In the years shortly after Brexit came into effect (2021) the UK had rolled over 30 trade agreements that it had been party to under the EU, agreed new terms for trade with the EU and signed new agreements with, Australia and New Zealand and with the Comprehensive and Progressive Trans-Pacific Partnership (CPTPP) with 11 Pacific nations. The 30 roll-overs (imperfectly) preserved the trading conditions the UK had under the EU, the agreement with the EU offered vastly inferior trading conditions to those which it had as a member, and official estimates suggested that the economic benefits of the new trade agreements were trivial – see Winters (2024).

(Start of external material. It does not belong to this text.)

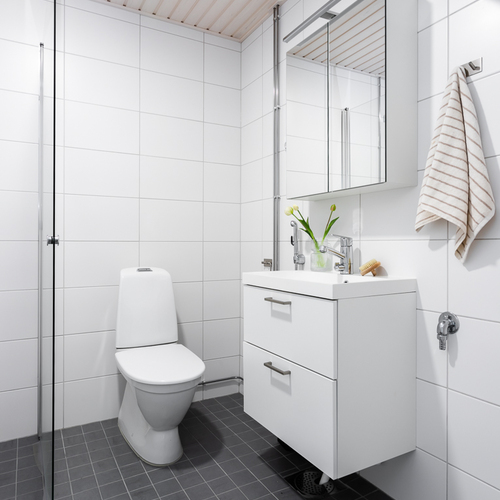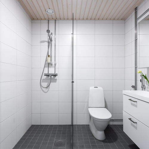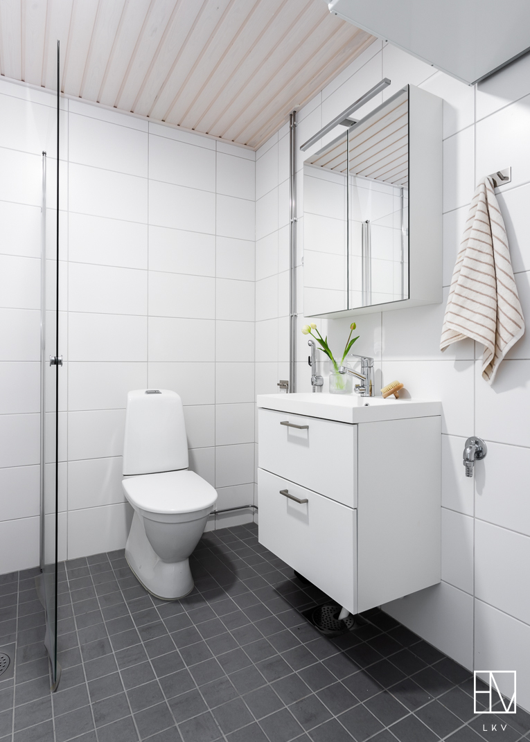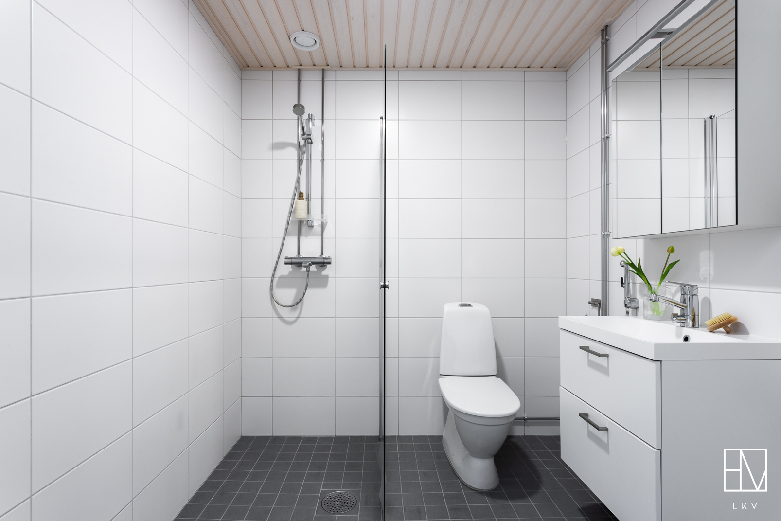 Varusteet: pesukoneliitäntä, lattialämmitys, wc-istuin, suihku, peilikaappi, kiinteät valaisimet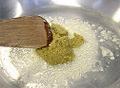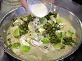 鍋に油とにんにくを入れて軽く炒め、さらにグリーンカレーペーストを加えて炒め、香りを出す。

The chosen instrument was a series of five Citizens’ Juries in which small groups were informed about, discussed and in some cases made mock decisions about trade policy questions. The recordings of these juries’ final discussions provide the raw material for this analysis, in which we look specifically at the questions of whom the public trusts to inform decisions and whom they trust to make them. A few more details are provided in Section 2 and a good deal more in the documents at CITP (2023).
In Section 2 we discuss corpus-assisted discourse analysis as a method of analysing CJ conversations. In Section 3 we present findings which start with an observation that jurors place very limited trust overall in the process of decision-making with regards to trade deals. We then report on the relatively high levels of trust CJs afford to experts, and the limited trust they confer on the public. Specifically, we note the distinction that CJs made between informing the decision-making process and actually making decisions regarding trade policy.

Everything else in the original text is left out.